Notwithstanding the title of the Agreement and certain phrases contained therein, the substance of the Agreement and DigiGold's own characterization of the Agreement in May, June, and December of 2001 and in February of 2002 establish that the Agreement provided for a license, not a sale, of the Ricardo product.

C. Other Agreements

Although both the Demand and the Supplemental Demand alleged various other written agreements between the parties, the evidence failed to establish the existance of any such written agreement, other than the Agreement.

D. Breaches of the Agreement Alleged by DigiGold

  1. DigiGold did not establish that Systemics breached by failing to provide DigiGold with the Ricardo product "in its current form", as provided in the Agreement.

  2. DigiGold did not establish that under the Agreement Systemics was obligated to deliver to DigiGold a settlement server, a market server, or source code for either server. Thus, DigiGold did not establish that Systemics' breached the Agreement by not delivering these items.

  3. DigiGold did not establish that Systemics breached the Agreement by ceasing to function as Operator under the Currency Contract.

  4. DigiGold did not establish that Systemics breached the Agreement by transferring Systemics' intellectual property to third parties during the Agreement's two-year period of exclusivity.

  5. DigiGold did not establish that Systemics wrongfully sought to terminate the agreement in May 2001.

D [sic]. Relief Requested

DigiGold did not establish that it is entitled to any of the relief that it requested in this proceeding.

VI. AWARD

  1. All of DigiGold's claims are denied.

  2. The compensation and expenses of the Arbitrator totaling $25,559.64 (TWENTY FIVE THOUSAND FIVE HUNDRED FIFTY-NINE DOLLARS AND SIXTY-FOUR CENTS) shall be borne entirely by DigiGold. Therefore DigiGold shall pay to Systemics the sum of $12,779.82 (TWELVE THOUSAND SEVEN HUNDRED SEVENTY-NINE DOLLARS AND EIGHTY-TWO CENTS) for that portion of the Arbitrator's compensation and expenses previously advanced by Systemics to the Association.

  3. The administration fees and expenses of the Association totaling $7,000 (SEVEN THOUSAND DOLLARS AND ZERO CENTS) shall be borne entirely by DigiGold. Therefore, DigiGold shall pay to Systemics the sum of $733.00 (SEVEN HUNDRED THIRTY THREE DOLLARS AND ZERO CENTS) for that portion of its share of administrative fees and expenses previously advanced by Systemics to the Association.

  4. Each party shall bear its own costs and expenses related to this arbitration.

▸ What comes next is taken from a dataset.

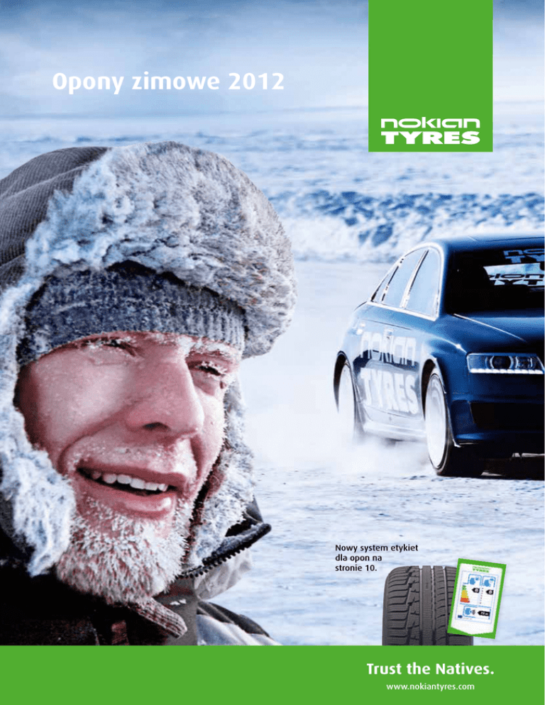 Opony zimowe 2012 Nowy system etykiet dla opon na stronie 10. Trust the Natives. www.nokiantyres.com Nokian Tyres®. Niezrównane gdziekolwiek pojawia się zima. Nokian Tyres cieszy się już ponad 75-letnim doświadczeniem w wytwarzaniu opon zaprojektowanych do jazdy w ekstremalnych warunkach. Już w roku 1934 jako pierwsi na świecie wyprodukowaliśmy oponę zimową. Z każdą oponą zimową Nokian udowadniamy, że nawet najbardziej surowy klimat jest do pokonania. Stawiamy przede wszystkim na bezpieczeństwo, dzięki czemu możesz w pełni swobodnie cieszyć się z jazdy oraz wykorzystywać możliwości swojego samochodu przez całą zimę, niezależnie od pogody. Stawiamy przede wszystkim na bezpieczeństwo i ochronę środowiska. Nokian Tyres jako pierwszy producent opon na świecie wprowadził technologię wykorzystującą wyłącznie oczyszczone, niskoaromatyczne oleje. Dla zwiększenia przyczepności na oblodzonej i mokrej nawierzchni do konstrukcji bieżnika używany jest olej canola, który jest surowcem odnawialnym. Najdalej wysunięty na Północ teren testowy. Symulacje jazdy w ekstremalnych warunkach zimowych odbywają się od listopada do maja na 700‑hektarowym terenie testowym Nokian Tyres znajdującym się w Ivalo w Finlandii. Oprócz sprzętu do testowania oraz wskaźników pomiaru znaczącą rolę w ocenianiu opon odgrywają doświadczenia specjalistów z wieloletnią praktyką, którzy są kierowcami testowymi Nokian Tyres. Nowy rekord prędkości na lodzie uzyskany na oponach Nokian Tyres. Nokian Tyres jest pionierem, który wchodzi na rynek z innowacyjnymi technologiami, przekraczającymi dotychczasowe granice. Przeprowadzanie testów w warunkach ekstremalnych stanowi zasadniczą część rozwoju opon zimowych a osiągnięte wyniki są widoczne we wszystkich naszych produktach. Dzięki naszym doświadczeniom staliśmy się posiadaczami światowych rekordów prędkości podczas jazdy w warunkach zimowych. Oba rekordy przy zastosowaniu opon Nokian Hakkapeliitta osiągnął Janne Laitinen, kierowca testowy firmy Nokian Tyres. Najnowszy rekord w grupie samochodów o napędzie elektrycznym został ustanowiony w dniu 17. marca 2012 na zamarzniętym jeziorze Ukonjärvi w fińskim mieście Inari, kiedy to Laitinen osiągnął podczas jazdy samochodem o napędzie elektrycznym ERA prędkość 252,09 km/h (156,67 mph). Ten sportowy samochód wyposażony w silnik elektryczny o mocy 280 kW osiągnął w warunkach zimowych prędkość maksymalną przekraczającą 260 km/h (162 mph). Podczas jazdy po rekord wyposażony był w opony z kolcami Nokian Hakkapeliitta 7 (225/40R18 92 T XL). Poprzedni rekord Laitinen osiągnął 6. marca 2011, kiedy podczas jazdy samochodem z silnikiem spalinowym osiągnął prędkość 331,61 km/h (206,05 mph). Podczas bicia rekordu samochód Audi RS6 był wyposażony w opony z kolcami Nokian Hakkapeliitta 7 (255/35R20 97 T XL). To pobicie rekordu Guinessa w jeździe na lodzie miało miejsce na 14 km odcinku zamarzniętej Zatoki Botnickiej. Zima została pokonana dzięki pomysłom sprawdzonym w praktyce. Od ponad 75 lat rozwijamy, testujemy oraz opatentowujemy rozwiązania podnoszące bezpieczeństwo podczas jazdy. Nieustanna praca nad rozwojem służy zwiększaniu bezpieczeństwa, trwałości oraz tworzeniu produktów jak najbardziej przyjaznych dla środowiska naturalnego. Naszym nadrzędnym celem jest zapewnienie bezwarunkowego bezpieczeństwa: Opona powinna zachowywać swoje właściwości w każdych warunkach, nawet gdy się zużywa i starzeje. Lamele Technologia cichej ściany bocznej Polerowane rowki Ciche rowki Opatentowany system lameli zapewnia oponie lepszą przyczepność na mokrym lodzie. Nacięcia w kształcie kieszonek zastosowane na blokach bieżnika usuwają wodę z przestrzeni kontaktu i zapewniają lepszy kontakt z nawierzchnią. Specjalna strefa ściany bocznej opony pomaga filtrować hałas oraz wibracje z nawierzchni drogi, redukując hałas wewnątrz pojazdu. Skuteczne oraz wydajne odprowadzanie śniegu, wody oraz błota pośniegowego zapewniają unikalne polerowane rowki bieżnika opony. Okrągłe wgłębienia znajdujące się po bokach żeber wzdłużnych, strukturą przypominające wzór piłki golfowej, odpowiadają za chłodzenie opony, zmniejszają opór oraz redukują hałas generowany podczas jazdy. Nokian WR A3, Nokian WR D3 Nokian WR A3, Nokian WR G2 SUV Nokian WR A3 Nokian Hakkapeliitta R, Hakkapeliitta R SUV Cyfrowy wskaźnik zużycia (DSI) Dodatkowa ochrona opony i felgi Naturalnie Nokian Tyres Niskie opory toczenia Układ cyfr umieszczonych na bieżniku opony pozwala łatwo odczytać aktualną wysokość rzeźby bieżnika w milimetrach. Zastosowanie dodatkowego rantu zapobiega wnikaniu drobinek piasku i błota pomiędzy oponę oraz felgę, a jednocześnie gwarantuje dłuższy czas użytkowania zarówno opon, jak i felg. Nokian Tyres jest pierwszym na świecie producentem opon, który zastosował w całej swojej gamie produktowej wyłącznie oczyszczone, niskoaromatyczne oleje. Wraz z redukcją oporu toczenia opony obniża się zużycie paliwa, a także zmniejsza się emisja dwutlenku węgla do atmosfery. Różnice w wartościach oporów toczenia mogą być bardzo duże – mogą wynosić nawet 40%. W przybliżeniu oznacza to 6% różnicy w zużyciu paliwa. Opony Nokian zaprojektowane są w taki sposób, by sprostać trudnym i zmiennym warunkom, jakie nas mogą zastać na drodze zimą. Dzięki kilku poniższym wskazówkom Twoje opony pozostaną w znakomitej formie, jednocześnie zapewniając Ci bezpieczną jazdę. Zadbaj o swoje opony Nokian. Czy opony muszą się „ułożyć”? Zalecamy, aby podczas pokonywania pierwszych 500 km od momentu zamontowania opon pozwolić im na dotarcie oraz właściwe ułożenie się. Tuż po zamontowaniu opon radzimy unikać, jeżeli to możliwe, gwałtownego przyspieszania, hamowania oraz wykonywania gwałtownych skrętów. W ten sposób pozwolimy, aby pasta montażowa należycie w

  5. This Award is in full settlement of all claims submitted to this arbitration.

I hereby certify that, for the purposes of Article 1 of the New York Convention of 1958, on the Recognition and Enforcement of Foreign Arbitral Awards, this Final Award was made in Washington, D.C.

August 27, 2002                

Stephen M. Boyd


Stephen M. Boyd

I, Stephen M. Boyd, do hereby affirm upon my oath as Arbitrator that I am the individual described in and who executed this instrument, which is my Final Award.